Richard visits Galland’s original manuscripts in Paris and explores how the stories inspired hit shows on the 18th-century stage in London. Three of the stories, Sinbad, Ali Baba and Aladdin, have inspired countless plays, pantomimes and films as well as becoming part of the literary canon for children and adults alike.

However, during Richard’s journey he also discovers that the tales are shrouded in controversy, including calls for a ban on The 1001 Arabian Nights in some parts of the world today.

The Beauty Of Books
BBC FOUR

From philosophy, religion, art, science, politics and the rise of ideologies all the way through to fantastical fictions, books have enabled new ideas to reach eager audiences across the globe.

However, they are not simply conveyors of story, knowledge and belief. Some of the most important books in the world are also stunningly beautiful, iconic masterpieces in their own right. Just as you don’t judge a book by its cover alone, you don’t judge a book by its story alone – the outer and inner make up the whole.

From the first bibles to medieval masterpieces like Chaucer’s Canterbury Tales, and from children’s stories such as Alice In Wonderland to the beauty of the humble paperback, this series combines human stories, expert interviews, book illustrations and historic archive, to reveal the astonishing, the absorbing, the arresting, beauty of books.

Fry’s Planet Word
BBC TWO

Stephen Fry explores linguistic achievements and how our skills for the spoken word have developed in a new five-part series for BBC Two.

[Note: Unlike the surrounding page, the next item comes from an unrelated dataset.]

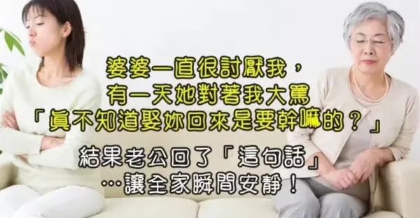 婆婆一直很討厭我,有一天她對著我大罵「真不知道娶妳回來是要幹嘛的?」結果老公回了「這句話」…讓全家瞬間安靜了!
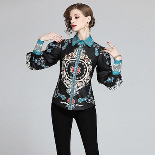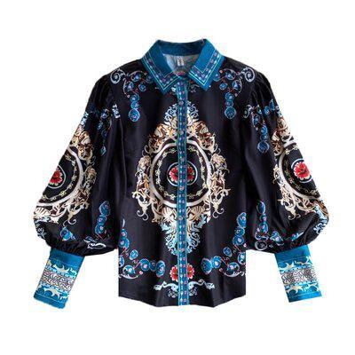 シャツ レディース 長袖 袖あり トップス ブラウス ボトミングシャツ ランタンスリーブ ボリューム袖 大きいサイズ 2XL ブルー ゴールド 花柄 フラワープリント 10代 20代 30代 ゴージャ

In Planet Word, Stephen dissects language in all its guises with his inimitable mixture of learning, love of lexicon and humour.

He analyses how we use and abuse language and asks whether we are beginning to understand the complexities of its DNA.

From the time when man first mastered speech to the cyber world of modern times with its html codes and texting, Planet Word takes viewers on a journey across the globe to discover just how far humans have come when it comes to the written and spoken word.

Faulks On Fiction (already broadcast, book and audiobook have been published to accompany the series)
BBC TWO

Author Sebastian Faulks gets to the heart of the British novel through its characters, in a new four-part series for BBC Two.

Faulks On Fiction explores the heroes, lovers, snobs and villains in classics such as Robinson Crusoe, Wuthering Heights, Great Expectations, Lord Of The Flies and The End Of The Affair.

Written and presented by Sebastian, the series tells the story of how the British novel made us who we are and features characters including Fagin from Charles Dickens’s Oliver Twist, Mr Darcy from Jane Austen’s Pride And Prejudice, Chanu from Monica Ali’s Brick Lane and Jim Dixon from Kingsley Amis’s Lucky Jim.